The greatest flaw in our policy, says Carnegie Mellon professor Jonathan Caulkins, is that so many of those people are non-violent users or low-level drug runners whose long prison sentences were triggered not by any harm they’ve caused their communities but by how many ounces they were caught carrying.
“The better criticism to my mind is not prohibition versus legalization,” said Caulkins, who previously co-directed RAND’s Drug Policy Research Center, “but why do we do the prohibition the way that we do?”
We would do better, he suggests, to target not the number of users in existence, but the consequences of drug use that do the most damage to communities, such as violence and HIV transmission. He points out that the drug dealer who carries a weapon, sells outside treatment centers and employs children as lookouts — in other words, one “who creates unusually large problems per kilogram sold” — contributes to that collateral damage much more than the run-of-the-mill seller.
Users who are addicted to drugs, Caulkins adds, also aren’t likely to be dissuaded by the drug war’s long mandatory sentences.
“Long sentences are terrible at deterring people particularly from using drugs when they’re dependent,” he said. “Cravings and compulsions make it just [impossible] for people to process the consequences of a low probability of a long sentence.” Dependent drug users who don’t pose a violent threat might be better addressed through treatment programs (or through “coerced abstinence,” a strategy of constant testing and brief incarceration Caulkins believes could be particularly effective). But the current drug war skews most of its resources toward prohibition. That 2005 RAND report Caulkins helped write cited one presidential budget for the drug war: 53 percent of the requested money was earmarked for enforcement, with only 29 percent for treatment and 18 percent for prevention.

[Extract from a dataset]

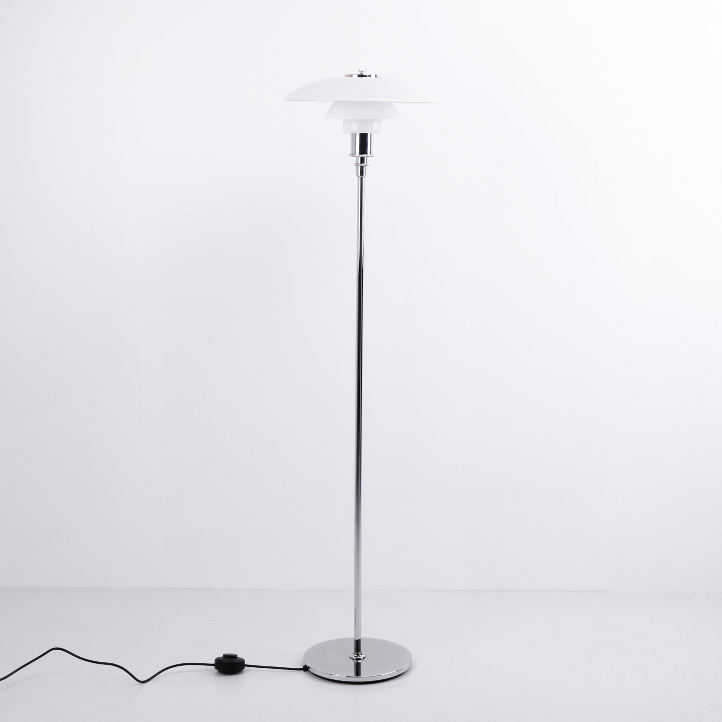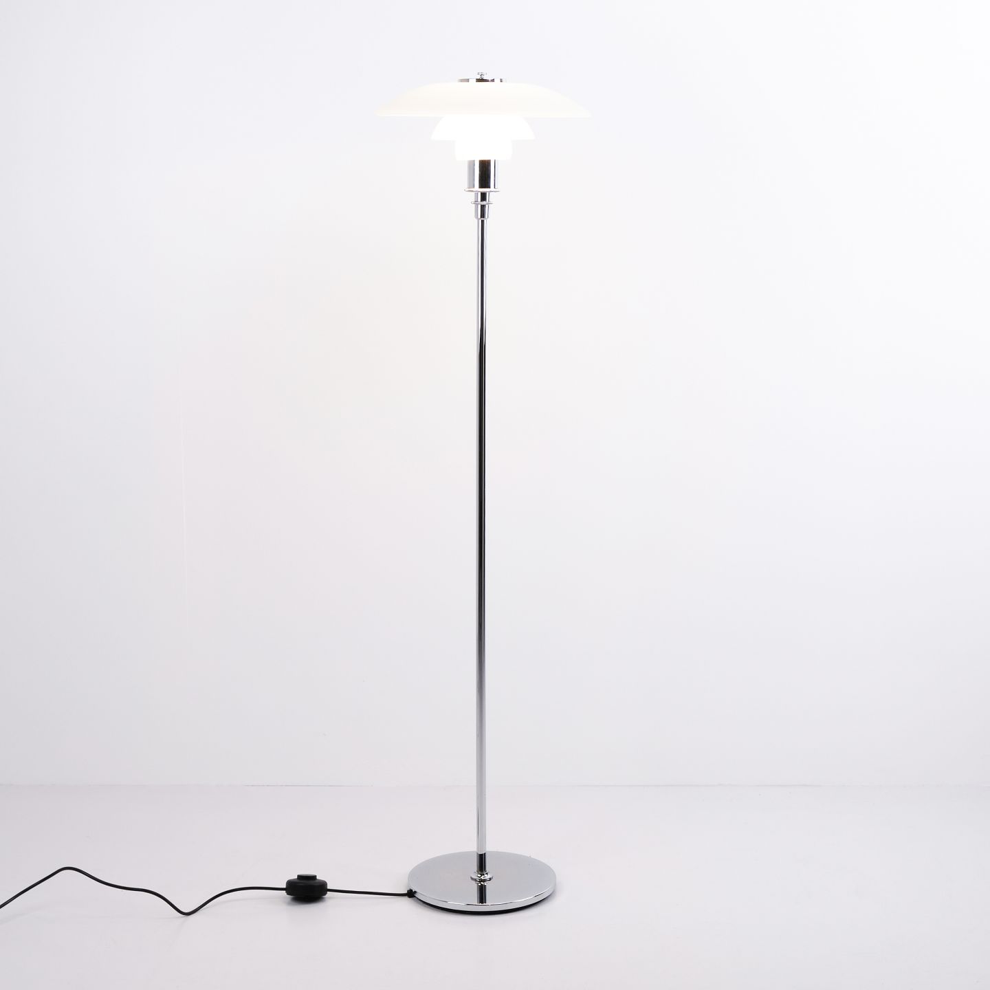 PH 3½-2½ gulvlampe i krom med opalglas fra Louis Poulsen. Designet af Poul Henningsen med klassisk dansk lysdesign og elegant udtryk.

Caulkins says the government isn’t organized to recalibrate that balance between toughness and treatment. For one thing, we don’t have a single authority in charge of both. Obama’s “drug czar,” for example, has a bully pulpit but no purse strings.
And then there’s the tricky issue of morality, which is another obstacle to adjusting our current course. Decisions about drug policy are colored by the public’s moral reactions in a way that decisions about, say, agriculture subsidies are not.
This reality particularly frustrates economists like Jeffrey Miron, who’ve tracked the billions of dollars America has spent on the drug war because, for no particularly rational reason, society has decided drugs are immoral, but alcohol is not.
“People accept that it’s immoral because it’s illegal, then turn around and say, well, because it’s immoral, therefore it should be illegal,” said Miron, director of undergraduate studies in the Harvard economics department and a fellow at the libertarian Cato Institute. He produced the study last fall suggesting America wastes $88 billion a year waging the war on drugs.
Miron’s reasons for opposing the current policy differ from Mauer’s, whose organization is also concerned with how the war on drugs has disproportionately impacted minority communities. That diversity of criticism — whether on free market, social justice or public health grounds — would seem to give the collective case against the strategy all the more momentum.
Miron, though, isn’t optimistic, even though the 40th anniversary of Nixon’s declaration and the new report by the Global Commission on Drug Policy — which included former U.N. secretary general Kofi Annan and past presidents of Mexico, Brazil and Columbia — have brought the issue back into the news.
“There have been commission reports going back 50, 100 years,” Miron said. “There’s always been a new commission report, there’s always a new well-known person who comes out for this. But it turns out these people always do this well after they’re retired, well after they need to get re-elected. They never do it when they’re still the president of Mexico.”